WHAT THIS TASK INVOLVES: Retype the data that follows line by line, exactly, and leave its pictures out.

RECORDED DATA:
------------

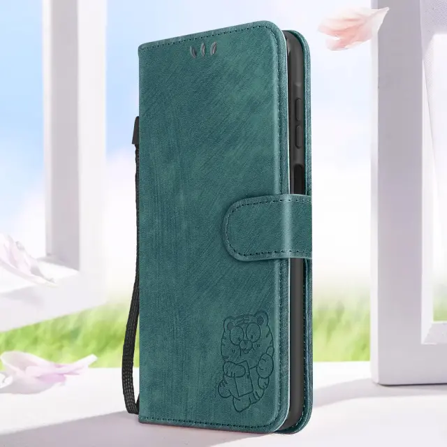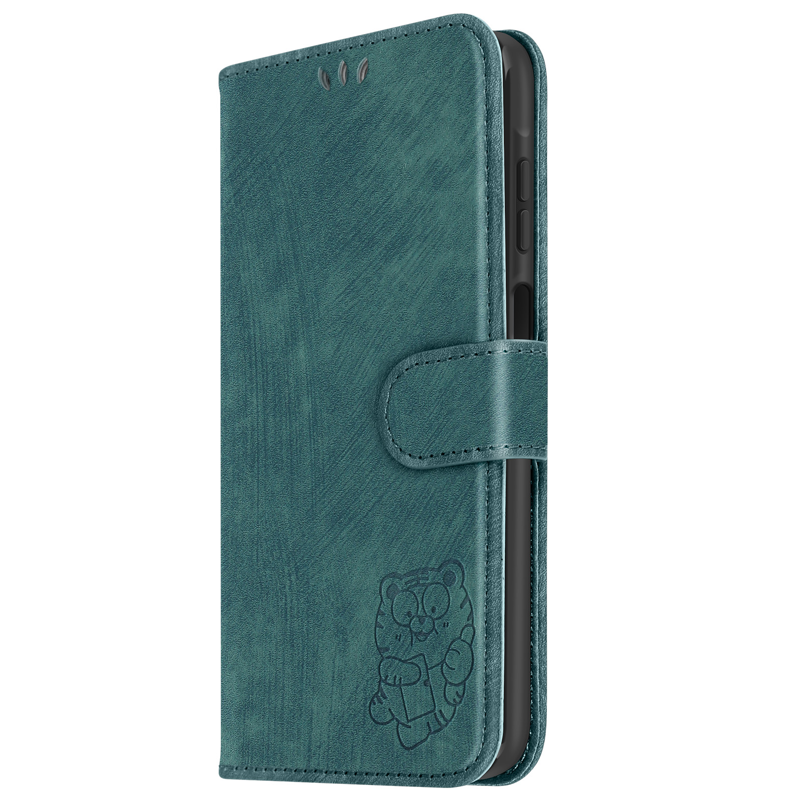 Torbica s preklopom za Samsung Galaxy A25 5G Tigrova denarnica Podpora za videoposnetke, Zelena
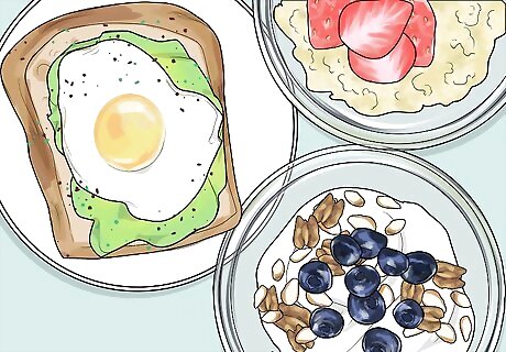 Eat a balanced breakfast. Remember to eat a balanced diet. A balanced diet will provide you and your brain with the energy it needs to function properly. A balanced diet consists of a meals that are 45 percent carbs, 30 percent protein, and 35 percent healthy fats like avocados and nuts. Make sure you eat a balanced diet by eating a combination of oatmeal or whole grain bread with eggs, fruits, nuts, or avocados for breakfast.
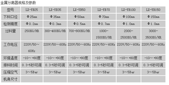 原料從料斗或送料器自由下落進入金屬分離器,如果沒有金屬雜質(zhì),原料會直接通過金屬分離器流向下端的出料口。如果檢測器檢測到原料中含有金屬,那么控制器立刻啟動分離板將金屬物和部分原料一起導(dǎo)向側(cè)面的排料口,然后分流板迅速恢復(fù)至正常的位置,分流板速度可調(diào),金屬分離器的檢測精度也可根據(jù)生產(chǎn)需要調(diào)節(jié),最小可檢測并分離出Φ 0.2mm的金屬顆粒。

------------

FINISHED TASK:
 Torbica s preklopom za Samsung Galaxy A25 5G Tigrova denarnica Podpora za videoposnetke, Zelena
 Eat a balanced breakfast. Remember to eat a balanced diet. A balanced diet will provide you and your brain with the energy it needs to function properly. A balanced diet consists of a meals that are 45 percent carbs, 30 percent protein, and 35 percent healthy fats like avocados and nuts. Make sure you eat a balanced diet by eating a combination of oatmeal or whole grain bread with eggs, fruits, nuts, or avocados for breakfast.
 原料從料斗或送料器自由下落進入金屬分離器,如果沒有金屬雜質(zhì),原料會直接通過金屬分離器流向下端的出料口。如果檢測器檢測到原料中含有金屬,那么控制器立刻啟動分離板將金屬物和部分原料一起導(dǎo)向側(cè)面的排料口,然后分流板迅速恢復(fù)至正常的位置,分流板速度可調(diào),金屬分離器的檢測精度也可根據(jù)生產(chǎn)需要調(diào)節(jié),最小可檢測并分離出Φ 0.2mm的金屬顆粒。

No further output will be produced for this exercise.